I saw that they'd increased the kitten cover to 5 weeks. I had to check myself not to be happy, considering that I was being given back only half of something that they (well, OK, Pet Plan) had taken away in the first place 

But I've never actually used the Agria cover notes for kittens anyway, having just stuck with Pet Plan purely because I'm familiar with them.

You've probably seen it, but Pet Plan are currently circulating a survey to breeders in relation to breeding risks insurance... obviously feeling the need to grab back Agria's share.


----------



## AlbertRoss (Feb 16, 2009)

Agria signed up with both the Kennel Club and the GCCF as the _de facto_ insurer for both. They've paid both organisations a very large amount of money to do so. It doesn't make them good insurers. I'm aware that only they and Pet Plan offer(ed) breeding insurance. That's a niche market that is highly risky for breeding queens, which is why most insurers won't touch it. Agria are huge and have many years in the pet insurance market. It would not surprise me if part of their deal with the GCCF/KC was that they had to provide breeding insurance. Doing so acts as a 'trap' for breeders to offer puppy/kitten freebie insurance - a practice which has resulted in lots of new owners being stuck with a policy that they don't want but can't get out of.

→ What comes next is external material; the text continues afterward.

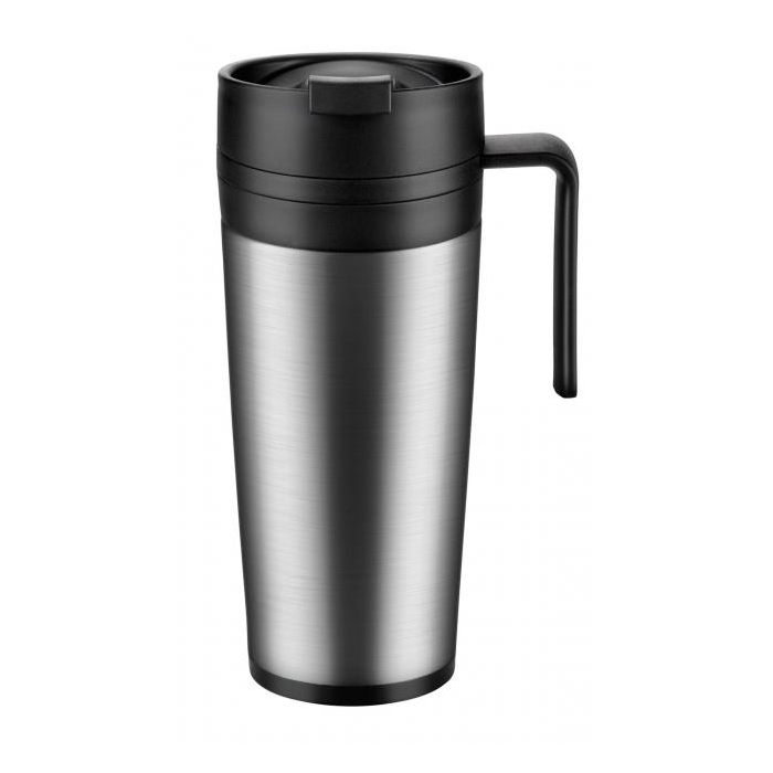 Dvojplášťový vákuový termohrnček z prvotriednej nehrdzavejúcej ocele uchová nápoje horúce aj studené. Dobre tesniaci sklápací uzáver a odnímateľná rukoväť. 5 rokov záruka. Objem 0,4 litra, Farba čierna.

A litmus test might be to ask your vet which of the two companies he'd rather deal with (if either). But the fact remains that Agria will charge you the rest of a year's premiums, even if your pet died 1 day into the cover, whereas Pet Plan won't.

I'm fully aware of the tricks that many insurers use and I wouldn't really defend any of them but there's no question that some are way better than others - and Agria is just about the bottom of the pile.


----------



## Tigermoon (Apr 2, 2013)

As with everything, taking out insurance is a matter of risk. I never insured my cats but after getting whacked by three, yes three, C-sections in one year I began to think differently. I have since insured my breeding queens with Agria.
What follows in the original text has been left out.